Let's say a certain event happens between $t_0$ and $t_1$. If the medium between you (the observer) and the event is air, the light will indeed reach you with a delay. You will see the event beginning at $t_0+ \Delta t_{air}$ and ending at $t_1+ \Delta t_{air}$. So the timeframe of the event is not stretched, just uniformly delayed.

If there's a vacuum between the event and the observer, there is also a uniform delay. The observer sees the event begin at $t_0+ \Delta t_{vacuum}$ and end at $t_1+ \Delta t_{vacuum}$.

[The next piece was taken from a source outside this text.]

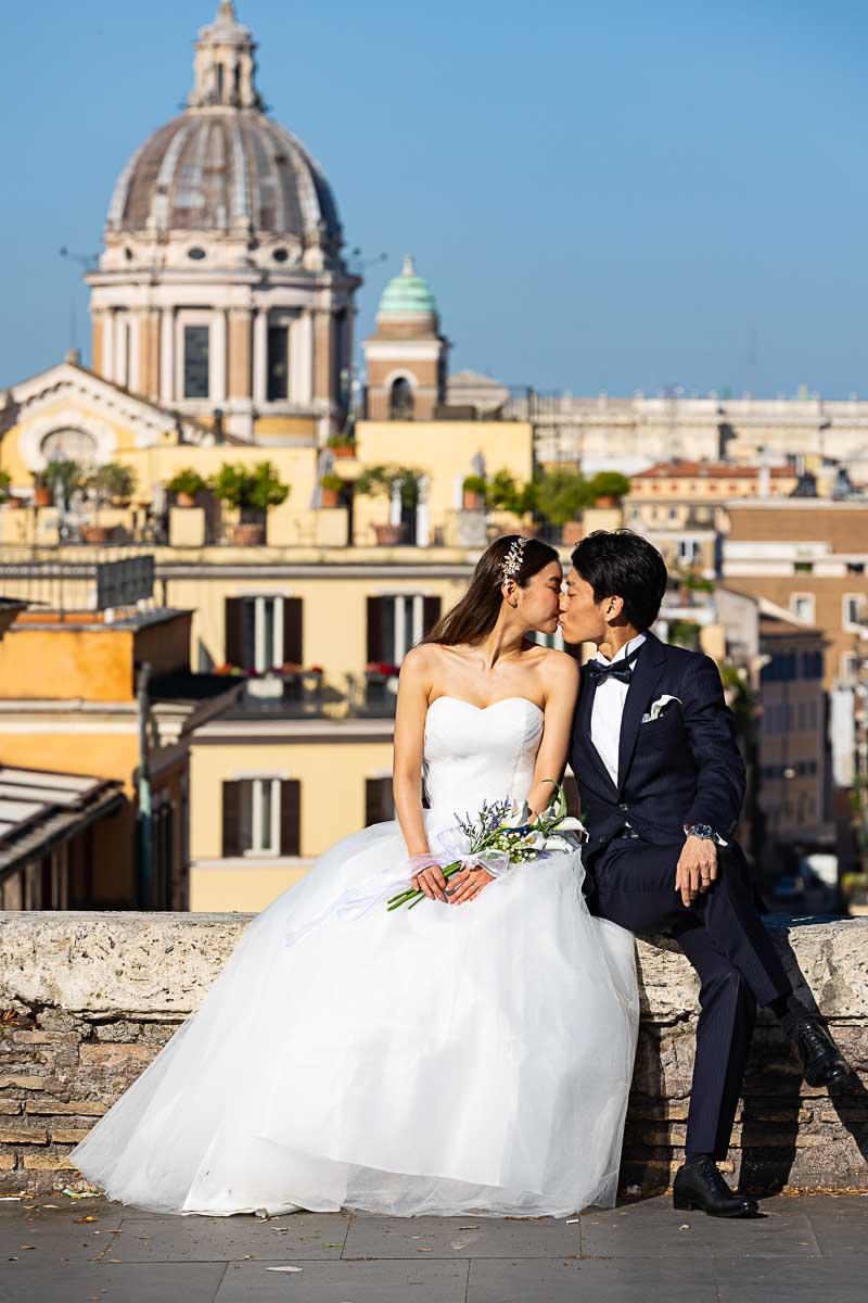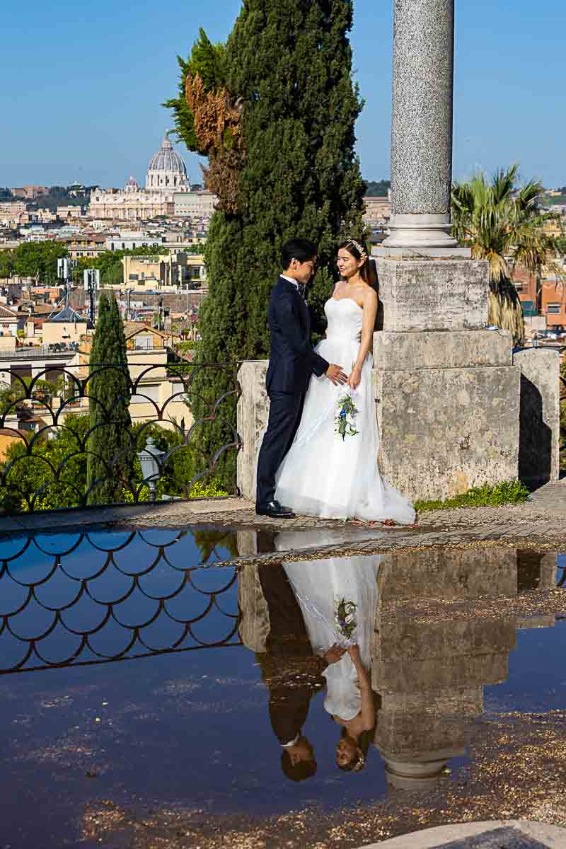 The next logical location was the Pincio Park terrace. Which is located just a little further down the road. With the help of a hired car with driver, essential to easily get in and out of shooting locations in wedding attire. The light here also played a big part in getting nice early morning shots with the city as background. Including some unique photos of the dome of Saint Peter’s in the far distance. Framed by our Rome Photographer in with the water reflection on a puddle from the previous rainy days.

Because light travels faster in a vacuum than air: $$\Delta t_{vacuum} < \Delta t_{air} $$

So you see the event slightly earlier in a vacuum than in air, but the event lasts the same amount of time in both cases.


Now when do you see something in slow motion (or speed up)?

Let's use the same event in air, but change the situation a little bit. The event begins at $t_0$ at distance $d_0$ from the observer. The event ends at $t_1$ at a distance $d_1$ from the observer.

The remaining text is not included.